• Data records:
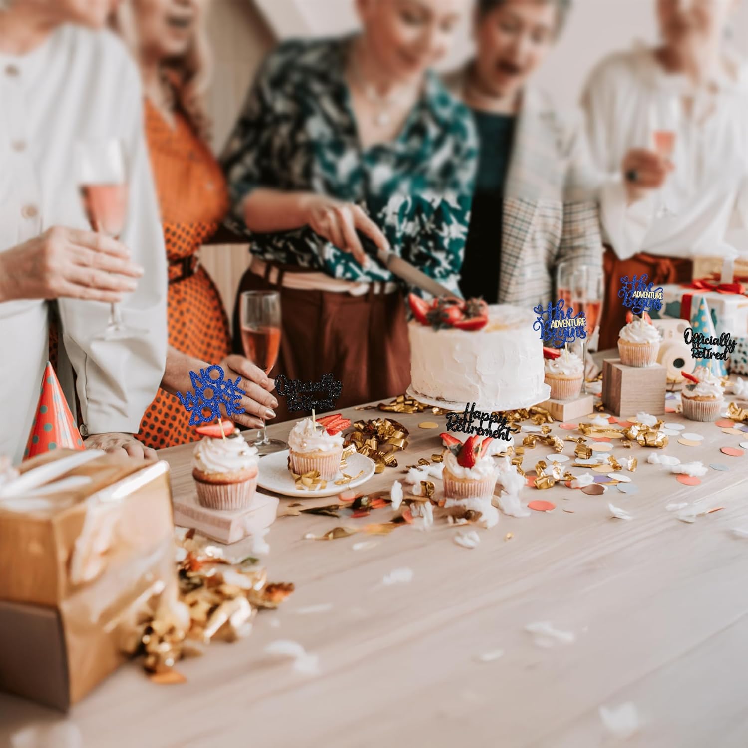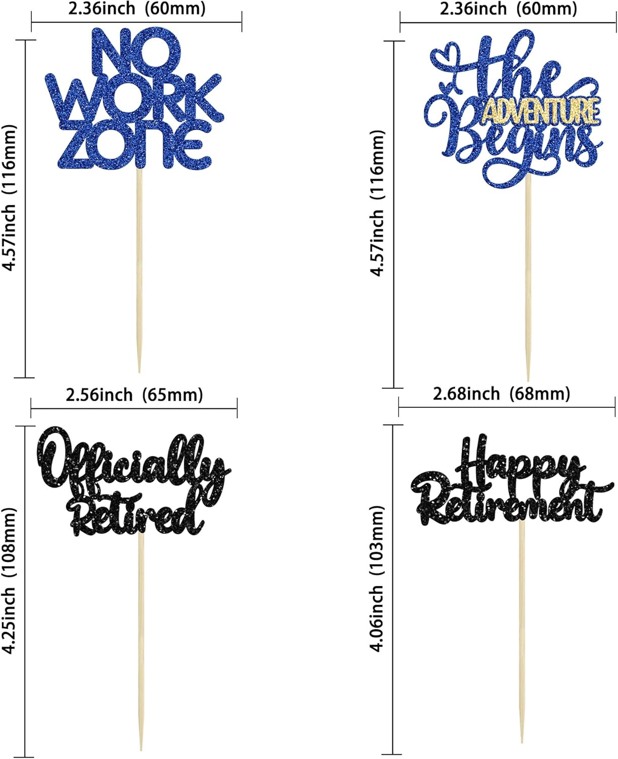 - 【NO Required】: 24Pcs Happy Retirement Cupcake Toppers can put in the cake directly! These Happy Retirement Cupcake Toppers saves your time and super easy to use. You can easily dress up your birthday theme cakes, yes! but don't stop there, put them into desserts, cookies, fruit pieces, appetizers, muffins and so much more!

---

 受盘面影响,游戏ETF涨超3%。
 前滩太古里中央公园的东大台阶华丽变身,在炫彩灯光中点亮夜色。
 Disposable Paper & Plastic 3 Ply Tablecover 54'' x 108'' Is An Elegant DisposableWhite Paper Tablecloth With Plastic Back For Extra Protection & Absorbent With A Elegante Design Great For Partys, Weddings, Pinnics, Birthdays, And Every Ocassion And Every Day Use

• To do:
Reproduce exactly the section above that begins at the line containing "前滩太古里中央公园的东大台阶华丽变身,在炫彩灯光中点亮夜色。" and ends at the line containing "Disposable Paper &", leaving out all other lines.

• Output:
 前滩太古里中央公园的东大台阶华丽变身,在炫彩灯光中点亮夜色。
 Disposable Paper & Plastic 3 Ply Tablecover 54'' x 108'' Is An Elegant DisposableWhite Paper Tablecloth With Plastic Back For Extra Protection & Absorbent With A Elegante Design Great For Partys, Weddings, Pinnics, Birthdays, And Every Ocassion And Every Day Use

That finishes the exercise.